Phil Powers

Personal information
- Born: Philip Poll 27 September 1978 (age 47) Danbury, Essex, England

Professional wrestling career
- Ring name: Phil Powers
- Billed height: 5 ft 10 in (1.78 m)
- Billed weight: 220 lb (100 kg)
- Trained by: Johnny Kidd
- Debut: 1993

= Phil Powers =

British professional wrestler

Philip Poll (born 27 September 1978) is an English professional wrestler, best known by his ringname "Flying" Phil Powers, who has worked on the United Kingdom's independent circuit for over 15 years.

==Career==
Phil Powers was trained by Johnny Kidd before debuting in 1993, Powers went on to team with Paul Tyrrell as the Essex Boys.
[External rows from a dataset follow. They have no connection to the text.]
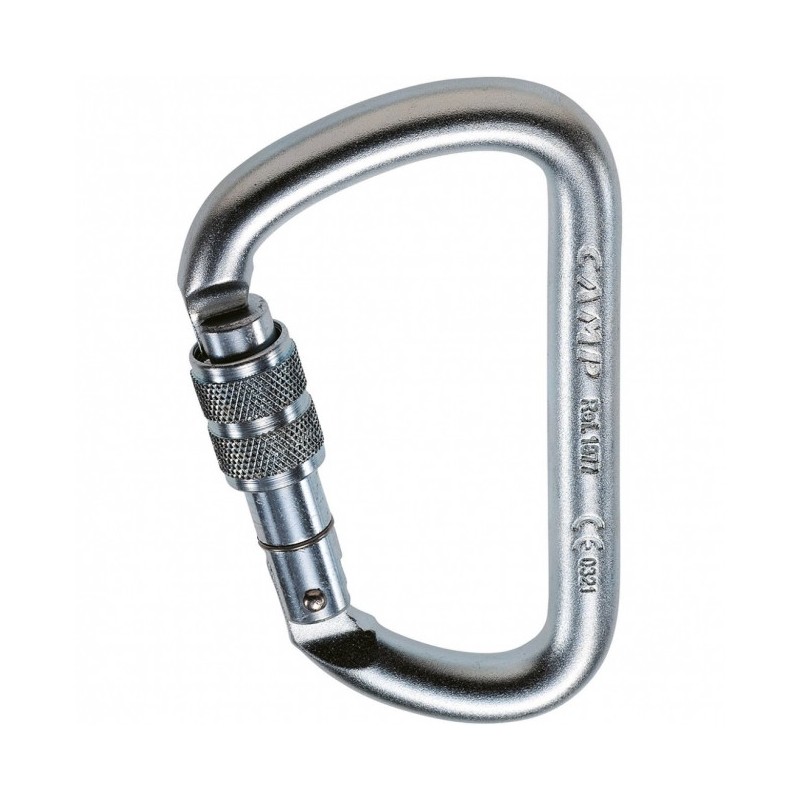 Teräksinen D-mallinen ruuvilukitteinen lukkosulkurengas. Murtolujuus jopa 52Kn! Erittäin kestävä karabiini suuremmalla portin avaumalla (24mm). Sopii hyvin ilma-akrobatiaköysien ripustamiseen, joissa silmukkaa voi olla vaikea saada sisään tavallisen kokoiseen karabiiniin. Sinkitty pinta estää ruostetta.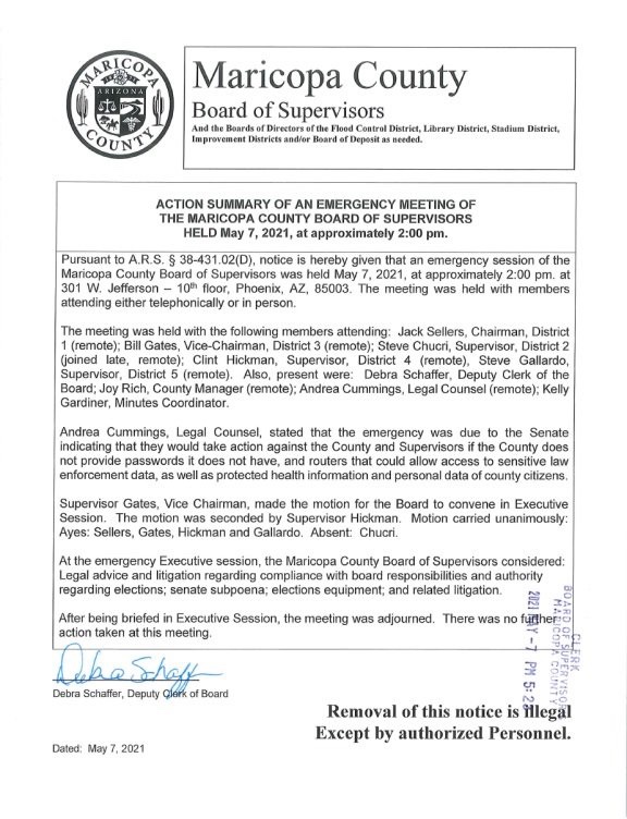 Ayer, la Junta de Supervisores del Condado de Maricopa celebró una reunión de emergencia para discutir su incapacidad para proporcionar routers y contraseñas a los auditores de los resultados de las elecciones de 2020 del condado: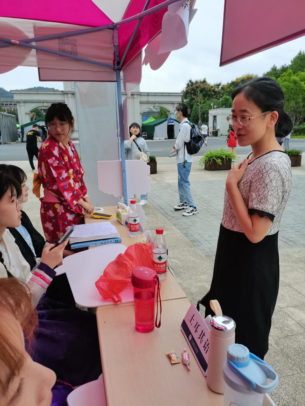 随着新生们的到来,班助们耐心地为新生讲解报道的顺序,和迎新志愿者们一起引领新生一步步正式成为浙外的一员。他们身着日语、阿拉伯语、韩语、土耳其语的特色民族服饰,活泼有趣,好似专业“吉祥物”,代表着学院的四个语种,给新生们留下了所学专业的初印象。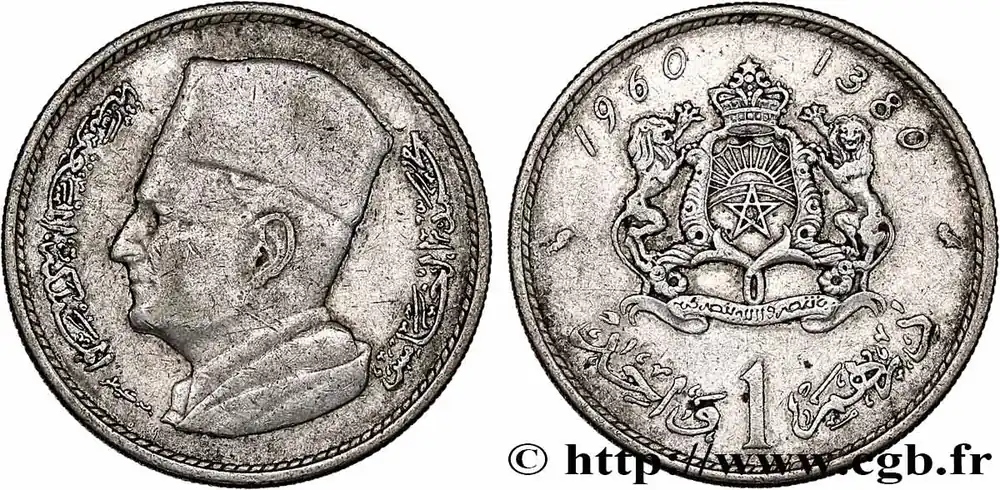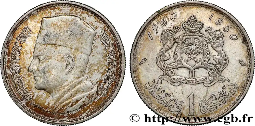 Type : 1 Dirham Mohammed V AH 1380Date : 1960Nom de l’atelier/ville : ParisQuantité frappée : 33000000Métal : argentTitre en millième : 600 ‰Diamètre : 24 mmAxe des coins : 6 h.Poids : 5,98 g.Tranche : canneléeRéférence ouvrage :KM20/55 AversTitulature avers : (LÉGENDE EN ARABE).Description avers : buste à gauche du roi Mohammed V.ReversTitulature revers : 1960 – 1380 (LÉGENDE EN ARABE).Description revers : armes du Royaume du Maroc.HistoriqueMAROC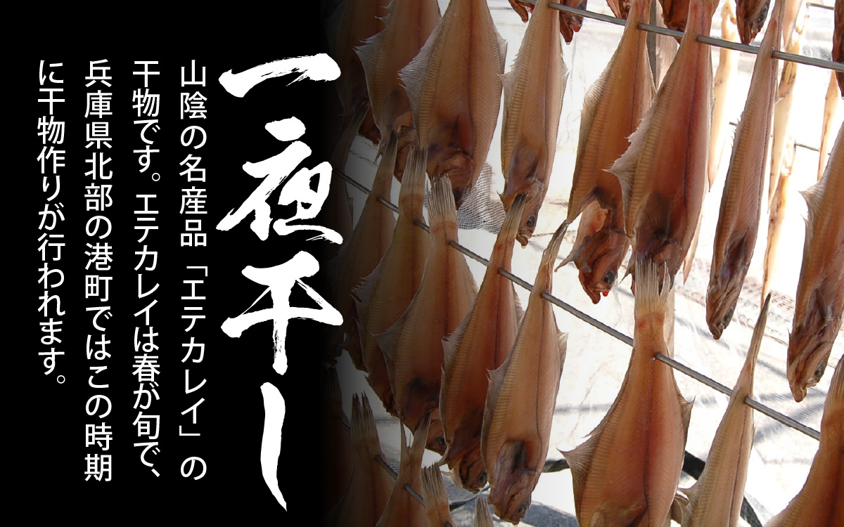 山陰の名産品「エテカレイ」の干物です。エテカレイは春が旬で、兵庫県北部の港町ではこの時期に干物作りが行われます。旬干しは脂があり、身がふっくらとしており、北部の港町では昔から一番食している定番の干物がこの「エテカレイ一夜干し」です。お店によって塩梅が異なりますので、一概に「エテカレイ一夜干し」と言っても店それぞれで味わいが異なります。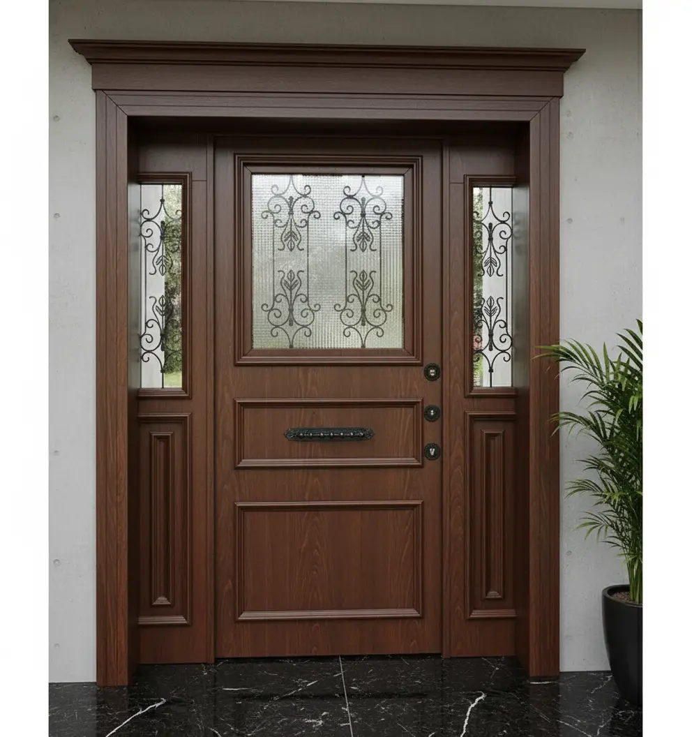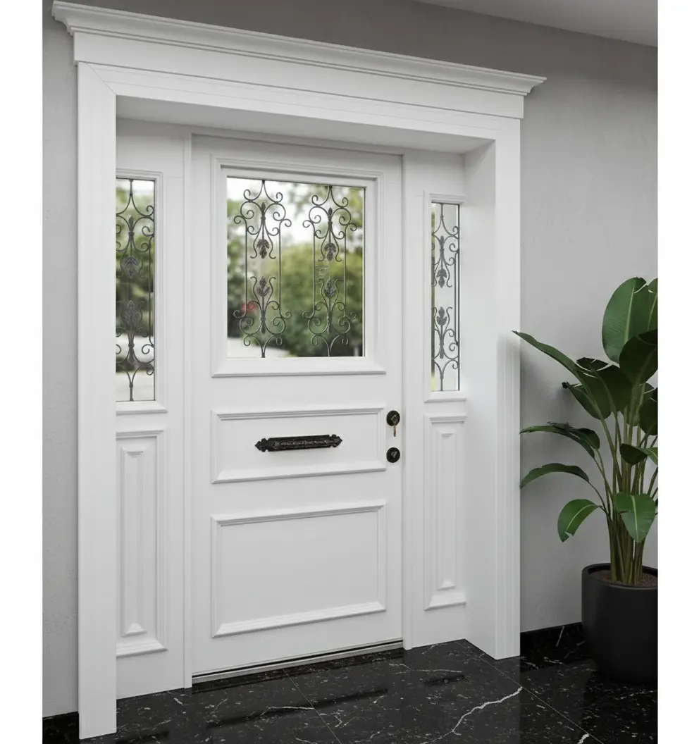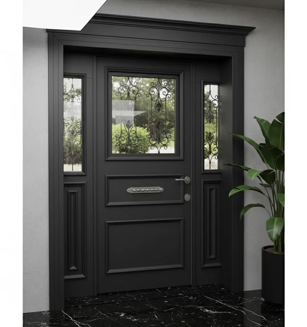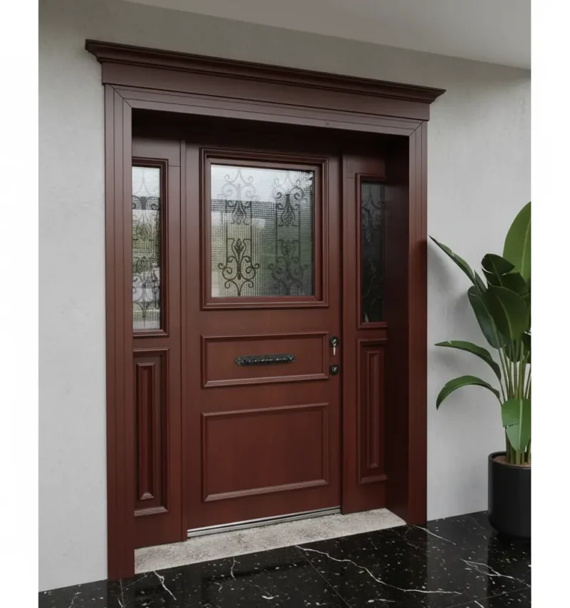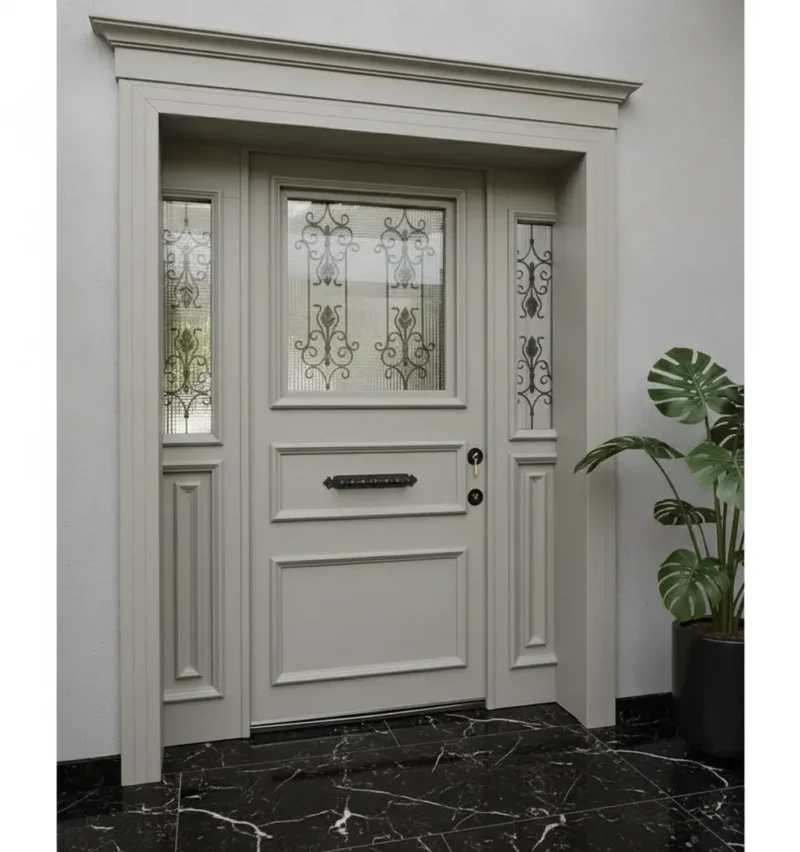 Villa Kapısı 549’un rengi ve dokusu, modern villaların minimalist çizgileriyle mükemmel bir uyum içindedir. Geniş yan panelleri ve ışık alan tasarımı sayesinde evinizin girişine doğal bir aydınlık katarken, lüks villa kapısı algısını güçlendirir. Bu, sadece bir kapı değil, yaşam alanınızın karakteristik bir uzantısıdır.

In 1999 Powers joined the roster of newly formed Ultimate Wrestling Alliance, which aired on L!veTV. Here Powers had the first televised British wrestling match in over 10 years against Stewart "Mad Dog" McPhie, There was no love lost between Powers and McPhie after a disagreement during tapings of L!VE TV's CatFights show ending in Powers getting powerbombed on the studio floor. This led to a number of matches and widening the saga between "Mad Dog Mcphie", his manager Steve Lynskey and stablemates "The Anarchist" Doug Williams, "The WonderKid" Jonny Storm and Drew McDonald. The Ultimate Wrestling Alliance disappeared from television and wrestling when L!VE TV ceased to air.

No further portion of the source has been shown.